Rio is now desperately behind schedule for the 2016 Olympic Games. Sport's mega-events should not be allowed to traumatise this magnificent city

Rio de Janeiro's Christ the Redeemer statue towers above the Maracana stadium, a venue for the 2014 World Cup and 2016 Olympics.
Rio de Janeiro's Christ the Redeemer statue towers above the Maracana stadium, a venue for the 2014 World Cup and 2016 Olympics. © AFP/Getty Images

Has Rio de Janeiro the guts? The city is now desperately behind schedule for its 2016 Olympics – one insider put it at 10% ready, where London was 60% ready at the same stage. But a visit earlier this month left me with an intriguing question. Could Rio’s chaotic planners make virtue of necessity? Could they be the first city to haul the Olympics back from its fixation with money and buildings, and restore them to sport? Could Rio fashion a sensation from a disaster?

The main Olympic park at Barra da Tijuca was until recently strike-bound. The secondary one at Deodoro is a military base and not even started. This month, the International Olympic Committee in Turkey declared “a critical situation” and demanded the Brazilian government do something. It set up a committee. The IOC spokesman, Mark Adams, had to deny rumours of plan B, to move the games from Rio altogether, but significantly failed to rule this out, merely saying “at this stage that would be far too premature”.
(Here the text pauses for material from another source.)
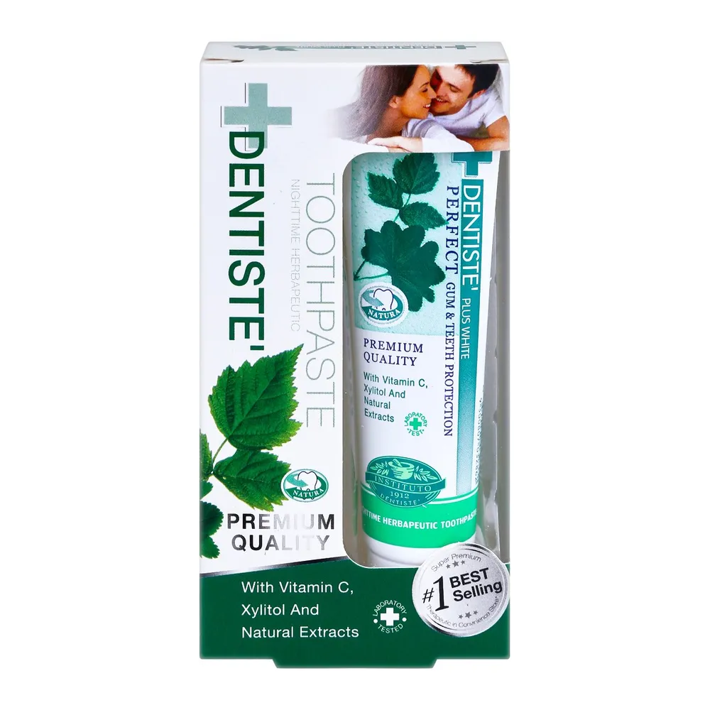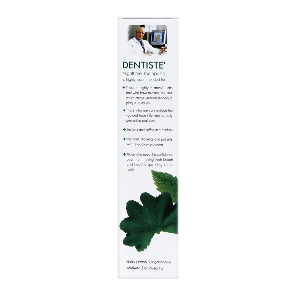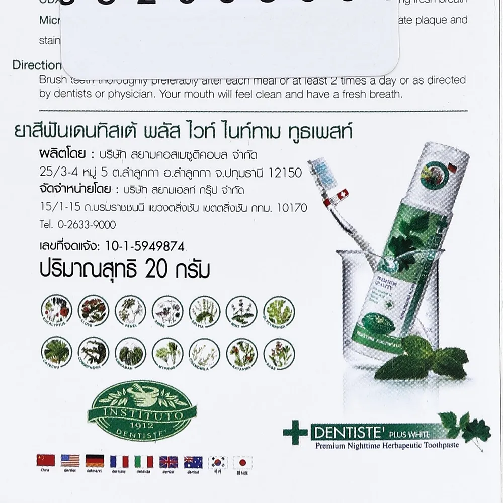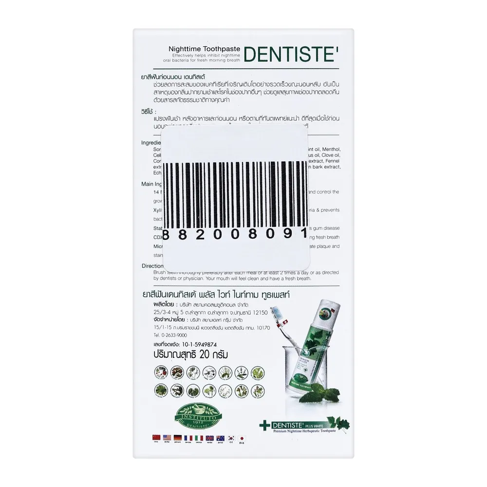 <p>เดนทิสเต้ ยาสีฟัน พลัสไวท์ ขนาด 20 ก. <br /><br />เดนทิสเต้ ยาสีฟัน พลัสไวท์ เดนทิสเต้ พลัสไวท์ ไนท์ไทม์ เฮอร์บาพิวติก ยาสีฟันพรีเมี่ยม ช่วยลดการสะสมของแบคทีเรียใน ช่องปาก ขณะหลับให้คุณตื่นมาพร้อมลมหายใจสะอาดสดชื่นทุกเช้า และช่วยลดการเกิดแบคทีเรียในช่องปาก<br /><br />- เดนทิสเต้ พลัสไวท์ ไนท์ไทม์ เฮอร์บาพิวติก ทูสเพส ยาสีฟันก่อนนอนระดับพรีเมี่ยม <br />- ทำความสะอาดเหงือกและฟันอย่างเข้าถึง<br />- ช่วยลดการสะสมของแบคทีเรีย ขณะหลับให้คุณตื่นมาพร้อมลมหายใจสะอาดสดชื่นทุกเช้า <br /><br />*ภาพประกอบใช้เพื่อการโฆษณาเท่านั้น</p>

No one visiting Rio at present can imagine cancellation as anything but devastating. In this fantasy world of prestige, multibillion dollar budgets and white elephants, even a shambles is thought better than cancellation. But the city could yet seize the initiative. With domestic elections in October and the games faced with plummeting domestic support, Brazil’s politicians could plead force majeur, call the IOC’s bluff and stage a slimmed down “austerity” games, as did Britain in 1948.